## PROBLEM DETAILS
Would you set down the data that follows, word for word, without any pictures?

(RECORDED INFORMATION)

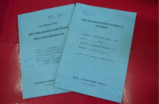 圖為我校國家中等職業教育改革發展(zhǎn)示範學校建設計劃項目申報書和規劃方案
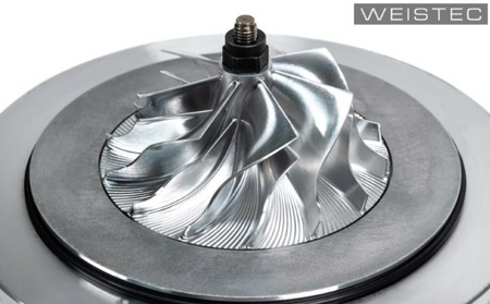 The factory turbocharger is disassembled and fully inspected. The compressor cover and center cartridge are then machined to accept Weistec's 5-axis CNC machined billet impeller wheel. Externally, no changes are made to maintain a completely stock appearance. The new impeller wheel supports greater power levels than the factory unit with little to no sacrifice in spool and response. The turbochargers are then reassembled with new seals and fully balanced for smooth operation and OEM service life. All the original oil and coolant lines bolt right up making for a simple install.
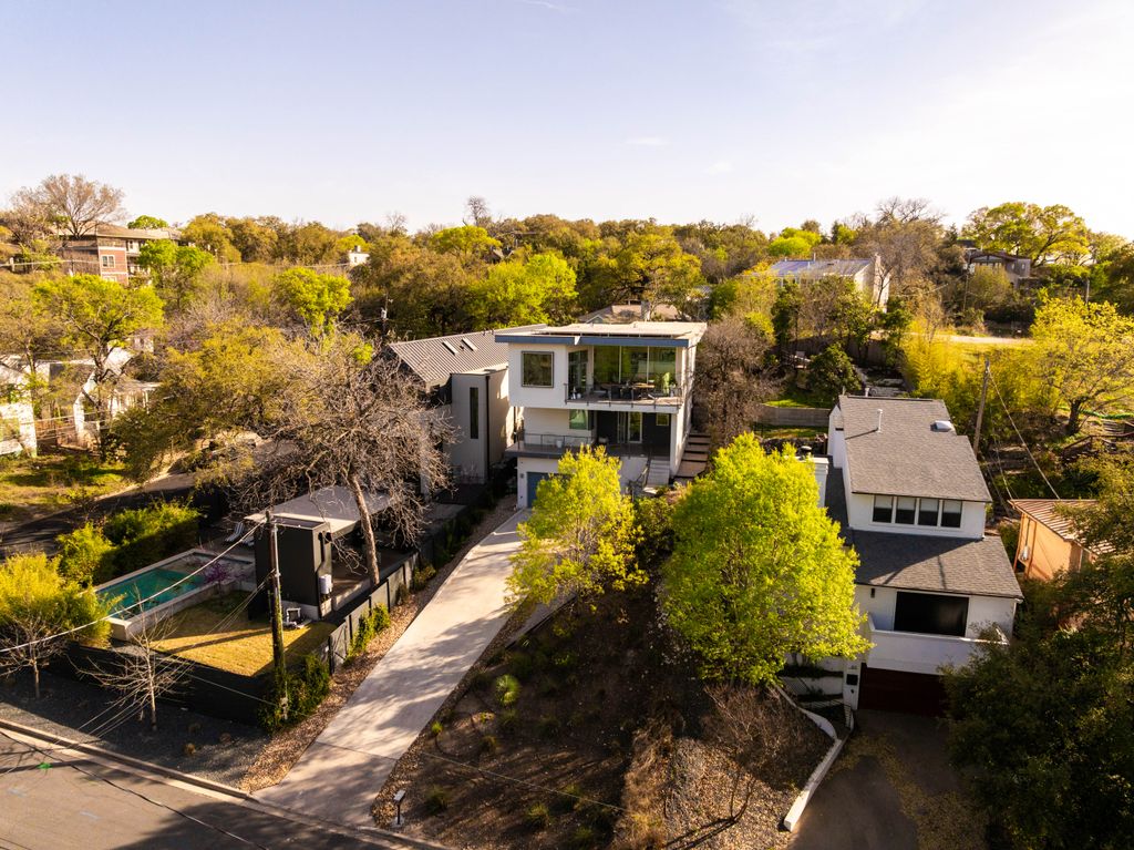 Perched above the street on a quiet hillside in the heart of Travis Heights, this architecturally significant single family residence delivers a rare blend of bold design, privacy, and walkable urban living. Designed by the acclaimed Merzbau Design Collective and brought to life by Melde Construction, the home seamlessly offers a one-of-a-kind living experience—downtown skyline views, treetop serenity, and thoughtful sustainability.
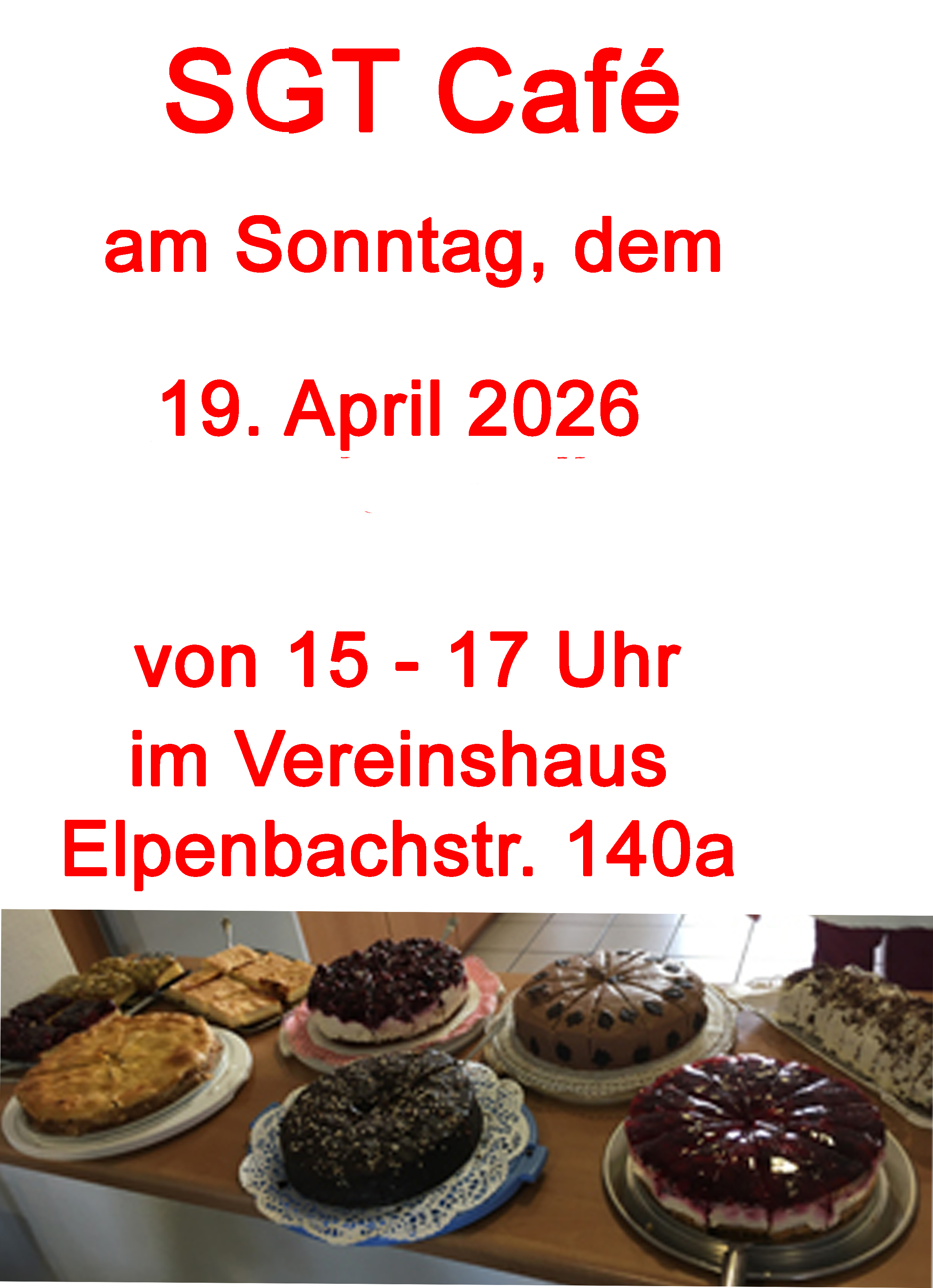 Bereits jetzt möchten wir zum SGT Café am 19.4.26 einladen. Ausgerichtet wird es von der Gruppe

(End RECORDED INFORMATION)

## ANSWER FOR THIS EXERCISE
 圖為我校國家中等職業教育改革發展(zhǎn)示範學校建設計劃項目申報書和規劃方案
 The factory turbocharger is disassembled and fully inspected. The compressor cover and center cartridge are then machined to accept Weistec's 5-axis CNC machined billet impeller wheel. Externally, no changes are made to maintain a completely stock appearance. The new impeller wheel supports greater power levels than the factory unit with little to no sacrifice in spool and response. The turbochargers are then reassembled with new seals and fully balanced for smooth operation and OEM service life. All the original oil and coolant lines bolt right up making for a simple install.
 Perched above the street on a quiet hillside in the heart of Travis Heights, this architecturally significant single family residence delivers a rare blend of bold design, privacy, and walkable urban living. Designed by the acclaimed Merzbau Design Collective and brought to life by Melde Construction, the home seamlessly offers a one-of-a-kind living experience—downtown skyline views, treetop serenity, and thoughtful sustainability.
 Bereits jetzt möchten wir zum SGT Café am 19.4.26 einladen. Ausgerichtet wird es von der Gruppe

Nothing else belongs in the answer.